Zoom sur Richard Godin:la soirée des élections
Zoom sur Richard Godin
SACRÉE SOIRÉE
C'est en regardant la soirée des élections présidentielles
de 1995, en France, lors du dévoilement des résultats du premier
tour de scrutin à la télévision de France 2, que Richard
Godin a eu l'idée de se pencher sur la question du rituel régissant
la soirée électorale à la télévision.
Dans le mémoire de maîtrise qu'il a réalisé sous
la direction de Lise Garon, du Département d'information et de communication,
le chercheur conclut que le rituel de la soirée électorale
à la télévision sert à structurer «l'épreuve
de passage» qu'est l'élection d'un homme ou d'une femme à
la tête du gouvernement.
En début d'émission apparaissent les signes propres au rituel
séculier, alors que les animateurs en fixent les règles de
fonctionnement, soit la durée, les participants (journalistes, chroniqueurs,
experts, etc) et les parties, comme par exemple les débats. Dès
lors, s'installent les éléments dramatiques nécessaires
à la dynamique du rituel, tels l'attente et le suspense. Prêtant
vie au rituel, défilent différents acteurs dont l'officiant,
personnifié par l'animateur, et qui occupe la fonction suprême
«d'annoncer» les résultats et de donner la parole; le narrateur
(le journaliste) qui commente, anime, décrit, bref, livre le récit;
le sage (l'éditorialiste), le journaliste de métier, qui interprète
en quelque sorte l'histoire, lui qui possède ce recul nécessaire
à la sagesse. Est aussi présent le devin, une personne chargée
de traduire l'augure (les résultats des sondages). Enfin, le dieu-électeur,
implicitement présent tout au long du rituel, tout comme les postulants
(les candidats).
Ces acteurs évoluent également dans un cadre particulier.

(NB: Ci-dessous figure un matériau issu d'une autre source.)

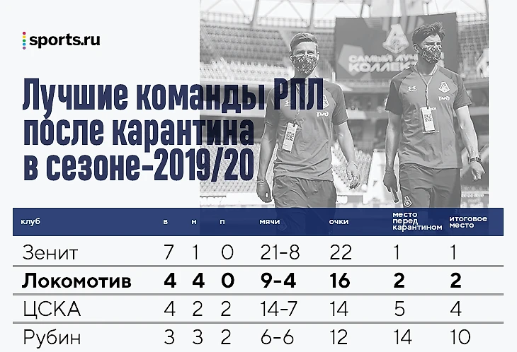 Со стартом в России Николич справился. К летней доигровке сезона-2019/20 «Локомотив» подошел наравне с «Краснодаром», опережая соперника только по дополнительным показателям. В конце сезона москвичи опередили команду Мурада Мусаева на пять очков. В восьми посткарантинных турах в РПЛ не проиграли лишь две команды – «Зенит» и «Локомотив».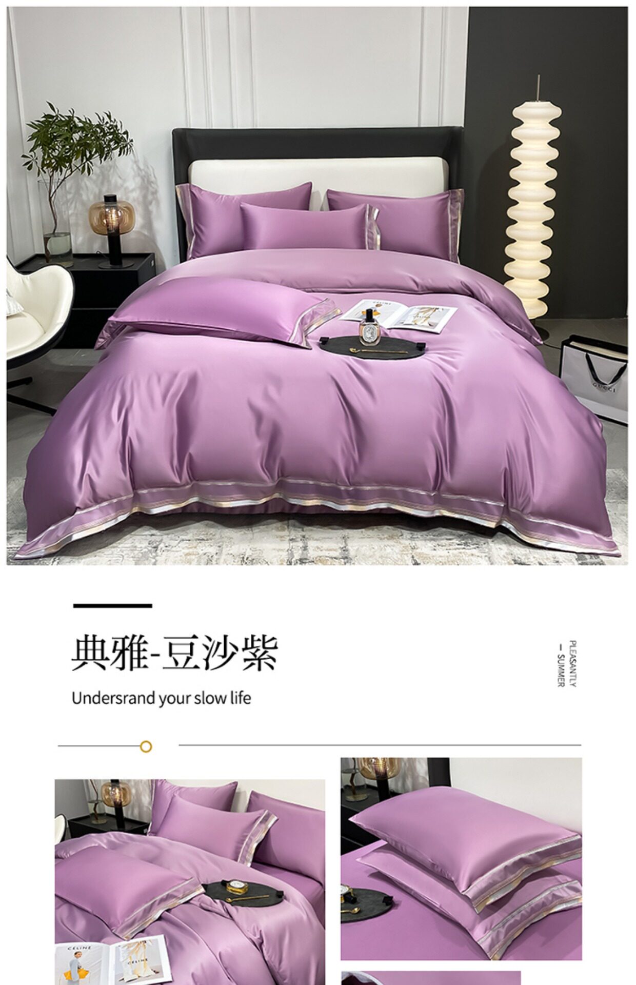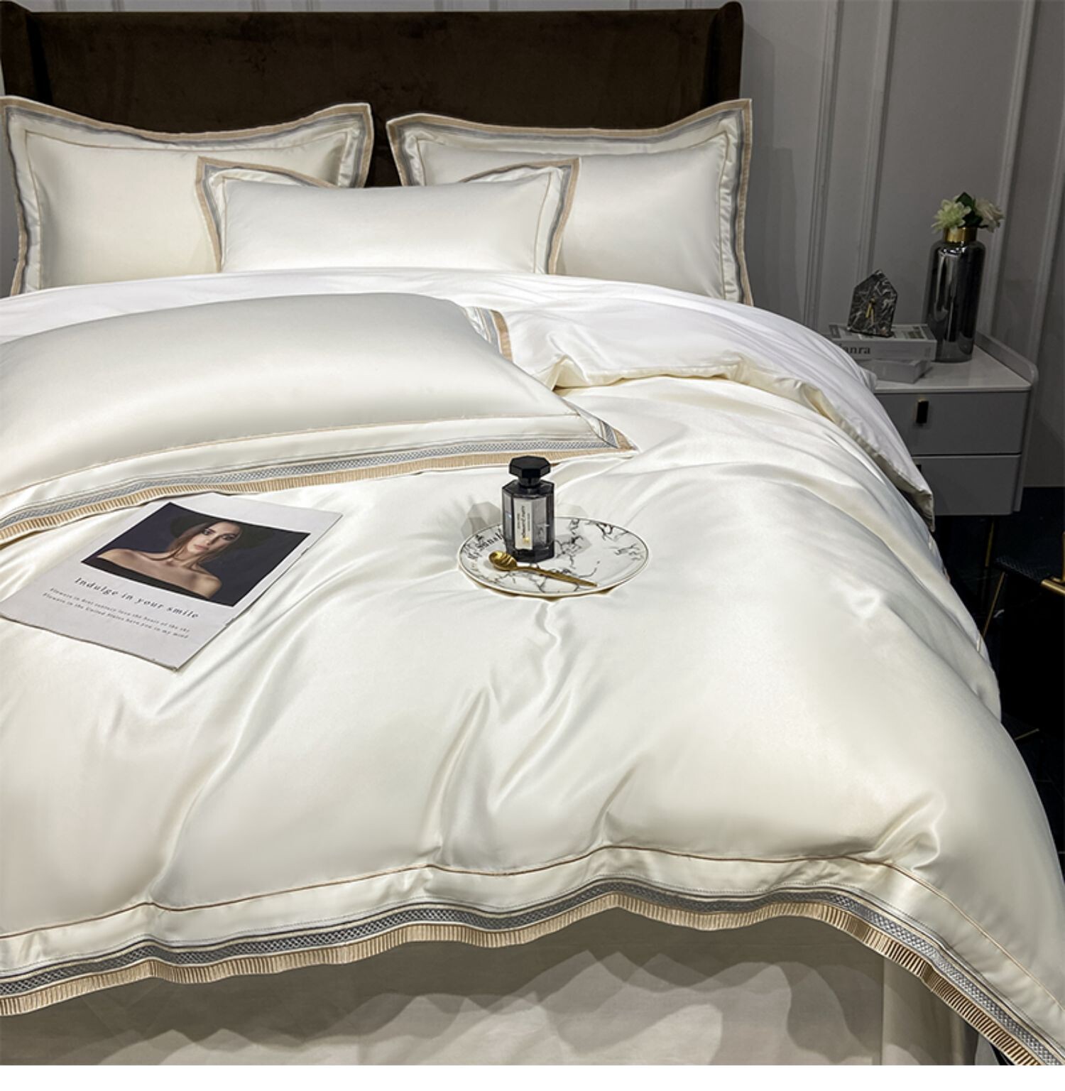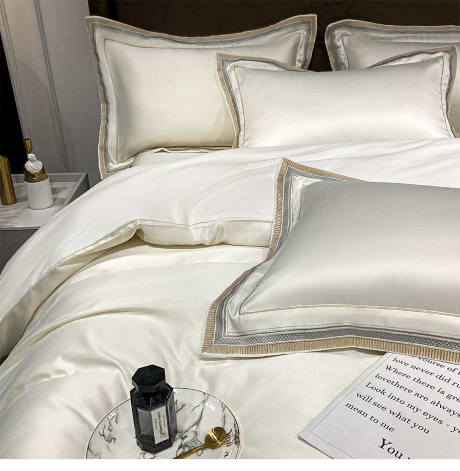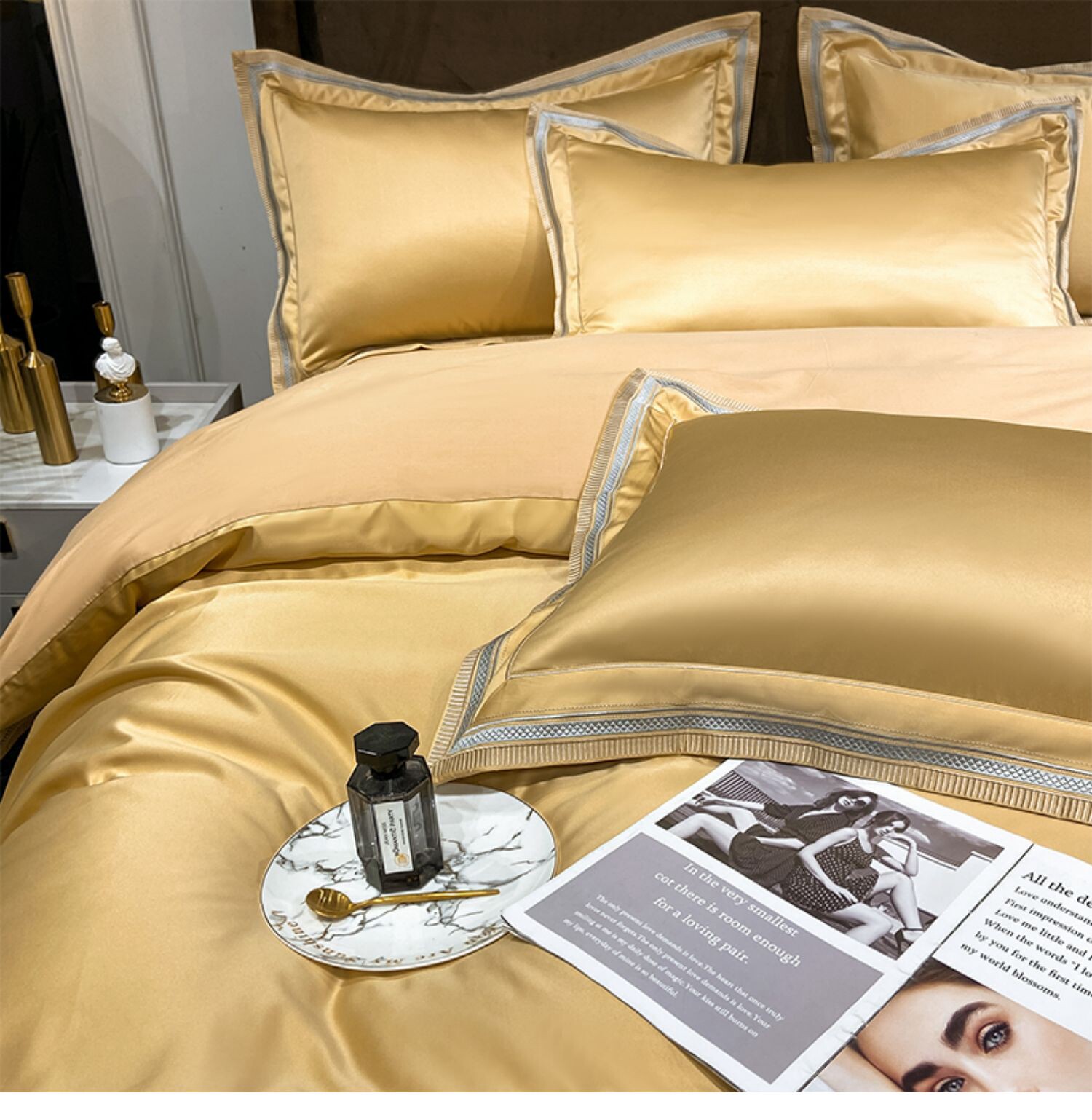 Двусторонний шелковый шелковистый комплект, летний пододеяльник, простыня, покрывало, легкий роскошный стиль, европейский стиль, 4 предмета

«Le plateau de télévision, fermé sur lui-même
en raison de sa forme circulaire, devient un lieu intemporel déconnecté
du monde de la rue et sans lien apparent avec la vie quotidienne, explique
Richard Godin. Une vague ressemblance avec l'intérieur des vaisseaux
spatiaux vus au cinéma et à la télévision contribue
à renforcer cette impression d'éminence. Tout baigne dans
une blancheur évoquant la pureté, la clarté, le paradis.
La tribune centrale, d'où émanent les directives des animateurs,
devient l'autel du cérémonial. C'est à cette tribune
que seront sacrées les politiques et sanctifiés les résultats.»
Dans cette «liturgie politique», la phase de la présentation
des candidats concourt à la dramatisation du rituel: la télévision
nous montre par exemple le candidat Jospin en train de prendre l'apéro
sur la place du village, tandis qu'elle présente Chirac se promenant
dans les rues de sa commune de Corrèzes, tout en serrant des mains.
Tous sont vus déposant leur bulletin de vote dans l'urne. Selon Richard
Godin, la soirée électorale à la télévision
est plus qu'un spectacle; c'est un rituel nécessaire comportant des
aspects fonctionnalistes visant à combattre l'angoisse individuelle
et collective, maintenir des valeurs idéales dans la communauté
et finalement, raffermir l'unité du groupe.